Phasing down coal excessively in ASEAN and India presents significant socio-economic challenges. According to the ILO, several ASEAN countries like Indonesia, the Philippines, and Viet Nam will face substantial job losses from mine closures, impacting local economies and livelihoods. Similarly, in India, over 13 million people are employed in coal-related industries, making the transition complex. This figure excludes informal sector workers and those in related industries, further escalating the impact. Compensating workers, companies, and state revenues in the coal phase-down is costly. In India, aligning compensation policies with the Paris Agreement would require funding equivalent to five times the global Official Development Assistance (ODA), amounting to over $200 billion in 2023. A 1.5°C pathway would need $1 trillion, and a 2°C pathway would need $0.8 trillion in compensation. ASEAN faces similar financial burdens due to its heavy reliance on coal. Both India and ASEAN must navigate these immense costs to ensure economic stability and address the needs of millions dependent on the coal industry.
The regions’ answers towards global call in moving forward
India’s decision to push for an adjustment in the Glasgow Climate Pact, changing the wording from “coal phase-out” to “coal phase-down,” faced criticism. However, some defended this move, citing the principle of Common but Differentiated Responsibilities and Respective Capabilities (CBDR-RC). This principle acknowledges that while all countries share the responsibility to combat climate change, their capacities vary based on their economic development stages. This situation mirrors the challenges faced by Southeast Asian nations, where balancing global responsibilities with economic prosperity is crucial. This political movement by the Indian representative, in the authors’ view, cannot be judged as if India and the rest of the Global South countries neglect their responsibilities. Quite contrary, in the context of this writing, ASEAN and India are doing much better than other countries or regions despite their limitations as developing countries.

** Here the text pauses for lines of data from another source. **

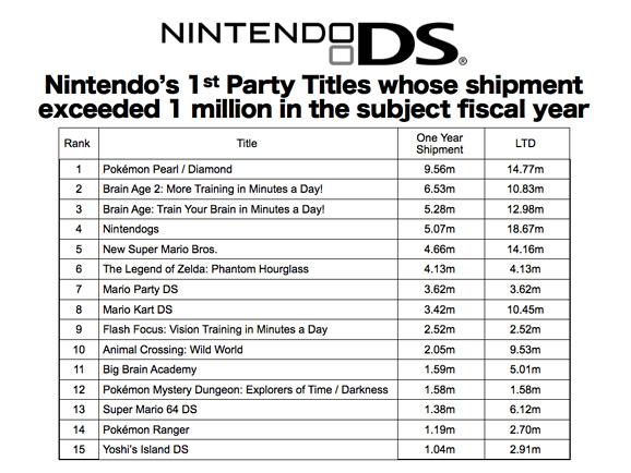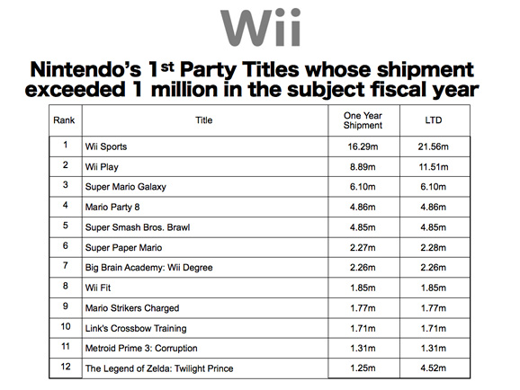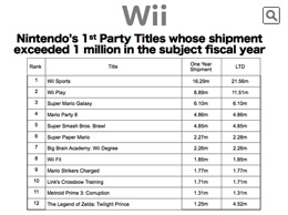 For your information, Wii Sports which tops the list has been bundled with the Wii hardware in overseas markets. The list should give out the impression that Wii software has been selling well in the hardware's second year.
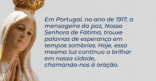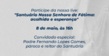 Neste bate-papo especial, no dia 8 de maio,quinta-feira, às 16 horas, vamos refletir também como a mensagem de paz e de esperança de Nossa Senhora de Fátima pode ser vivida em nosso dia a dia e de que forma seu exemplo inspira as novas gerações. O nosso convidado especial é o padre Fernando Lopes Gomes, pároco e reitor do Santuário Arquidiocesano Nossa Senhora de Fátima.
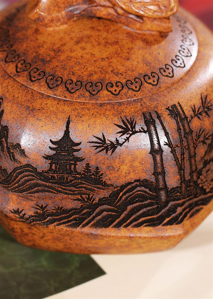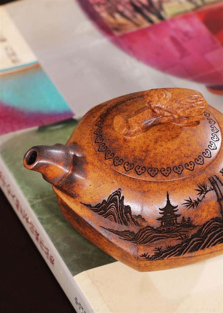 【泥料特點】砂土氣重,似淳實農民,日久使用,漸露鋒芒,養成變化,溫潤莊重。紫砂是壹種雙重氣孔結構的多孔性材質,氣孔微細,密度高。用紫砂壺沏茶,不失原味,且香不渙散,得茶之真香真味。紫砂使用越久,壺身色澤越發光亮照人,氣韻溫雅。紫砂壺長久使用器身會因撫摸擦拭,變得越發溫潤光澤。
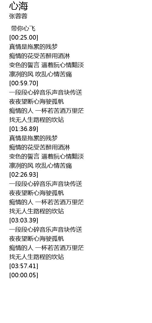 | [00:18.00] | 带你心飞 |
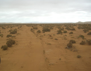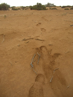 Die Mini-Sanddünen, die hinter sogar hinter den kleinen Büschen anwachsen, haben aufgrund des heftigen Windes eine beachtliche Länge erreicht. Morgen oder übermorgen weht der Wind wieder aus einer anderen Richtung und die Dünen wechseln ebenfalls ihre Lage. So sieht das Ganze jeden Tag ein wenig anders aus.
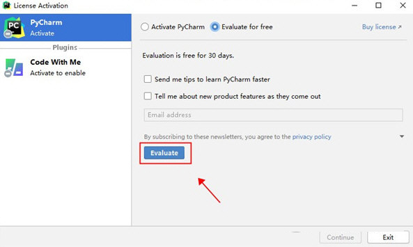 5、启动软件,弹出注册界面,选择evaluate for free,点击evaluate试用软件。
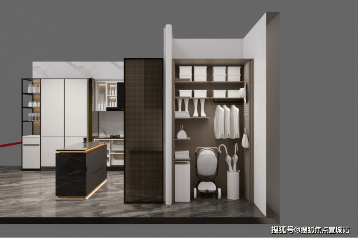 "分户s墙"设计在分户墙处增设“凹型空间",“冰箱外移"增加厨房操作台面和收纳空间,创造更合理的餐厨桌台动线。
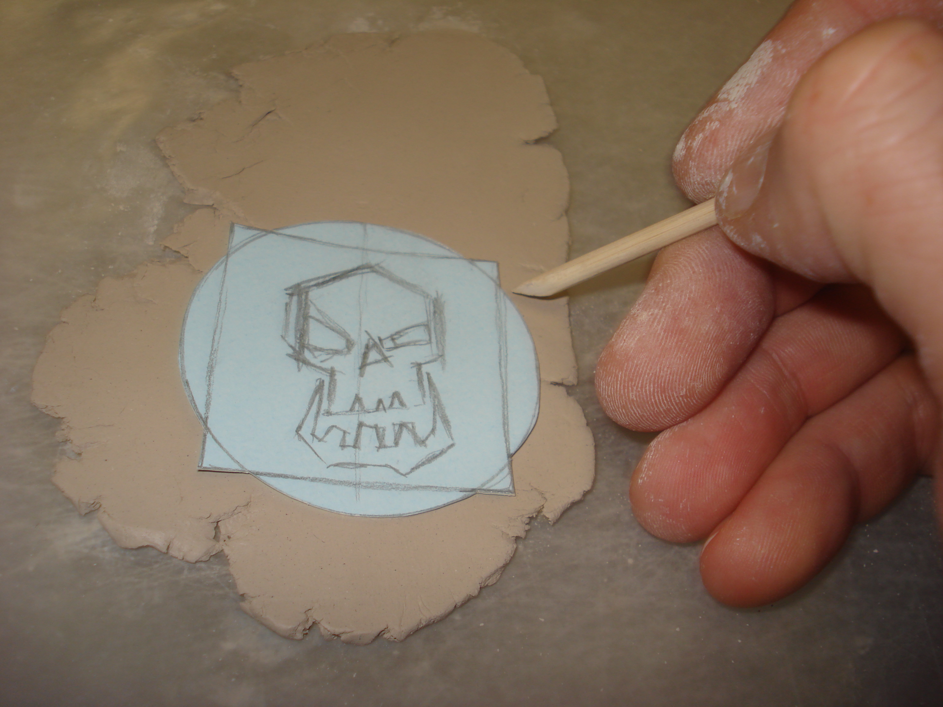 After that was all completed, I started in on the skull. I used the same method as above, only this time I pressed the clay onto the template and cut away the excess slowly to reveal my lines.
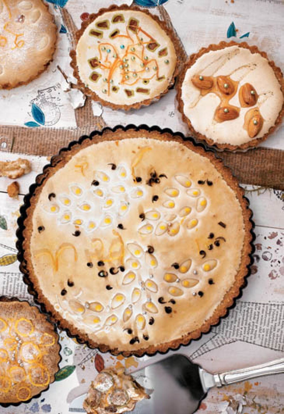 WEŹ: NA SPÓD: • 150 g migdałów bez skórki • ¾ kostki masła • ¼ szklanki cukru pudru • ¼ szklanki cukru brązowego light muscovado • pół szklanki mąki • 4 białka jajek • łyżeczkę likieru amaretto • łyżeczkę proszku do pieczenia; NA WIERZCH: • 5 żółtek • pół szklanki cukru do wypieków • ekstrakt waniliowy • płaską łyżkę mąki ziemniaczanej • 3 łyżki rodzynek namoczonych w maladze; DO DEKORACJI: • migdały, orzechy, kolorowe lukry, czekoladowe i kokosowe wiórki, pomarańczową skórkę
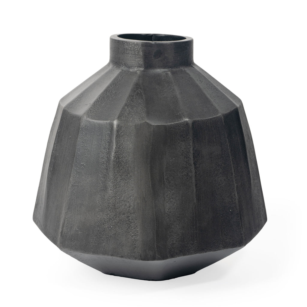 Add a touch of modern elegance to your space with this 11-inch gray geometric round aluminum table vase. The sleek round shape and geometric design make it a stylish addition to any room. Crafted from durable aluminum in a chic gray hue, this vase is both functional and decorative. Its modern style effortlessly complements contemporary home decor. Perfect for displaying your favorite flowers or simply as a standalone decorative piece, this table vase is a versatile accent for any tabletop. The neutral gray color adds a sophisticated touch to your interior design scheme, enhancing the overall aesthetic of your home. 11-inch H x 11-inch W x 11-inch D
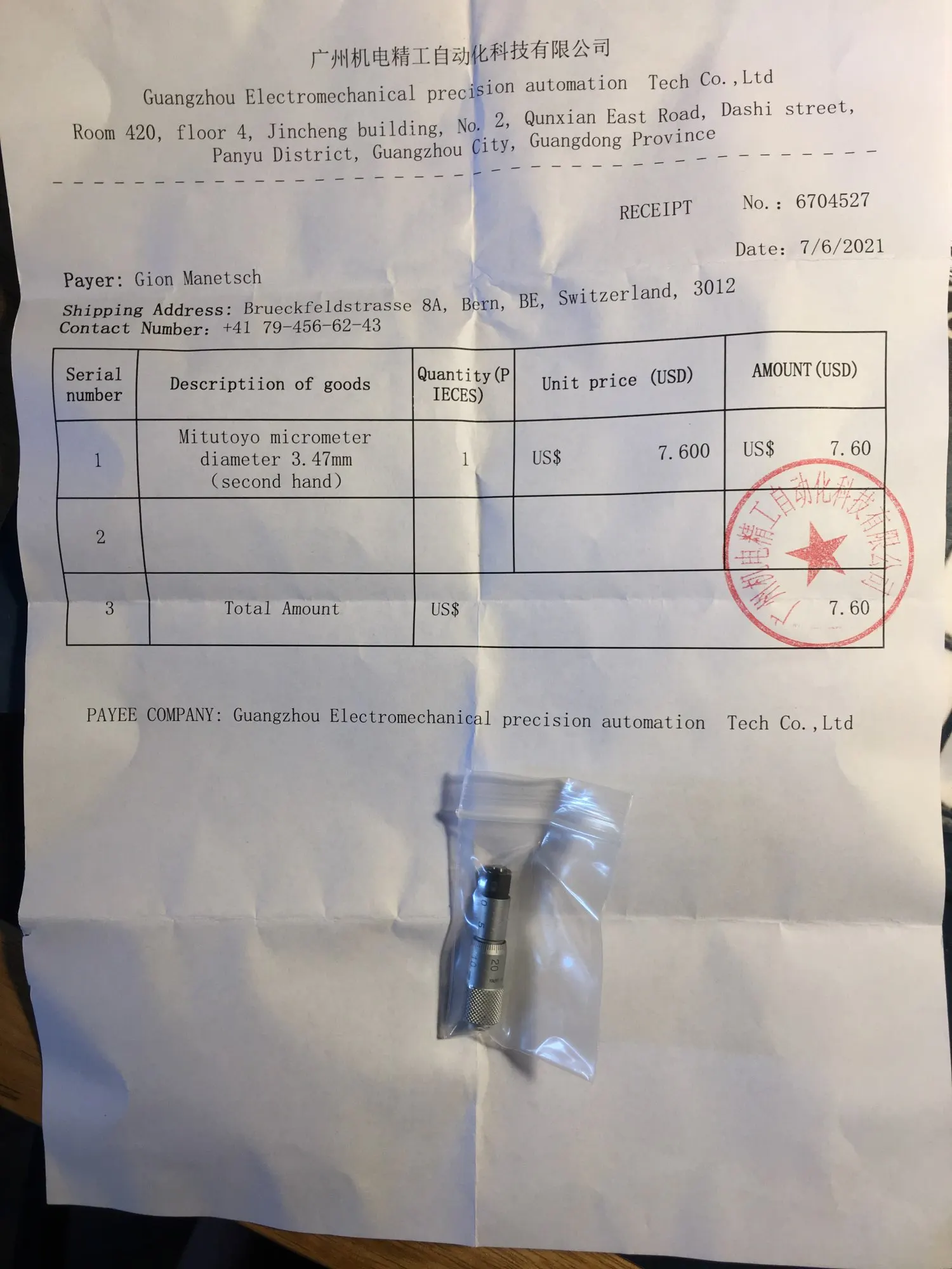 Mitutoyo micrómetro Mitutoyo tornillo Micrómetro de instalación de 3,47mm de diámetro
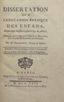 BALLEXSERD (Jacques) — Dissertation sur l'éducation physique des enfants, depuis leur naissance jusqu'à l'âge de puberté.

Related to the CBDR from the practical perspective, the ASEAN Centre for Energy (ACE) argue that the transition to moving away from coal should be planned strategically and carefully which shall consider the reality on the financing capability and impact on economy. The same approach is suggested for India, where regional energy outlooks should be the basis for policymaking. Moreover, in terms of technical advancement, in ASEAN-India cooperation, knowledge transfer on India’s renewable energy successes is crucial, including its 71.5% renewable power generation in early 2024. From the non-technical aspect, comprehensive strategies and interregional climate finance initiatives through the ASEAN-India Partnership for Peace, Progress, and Shared Prosperity (2021-2025) and the ASEAN Plan for Action on Energy Cooperation are required to address the socio-economic challenges in promoting a just and responsible transition in the regions.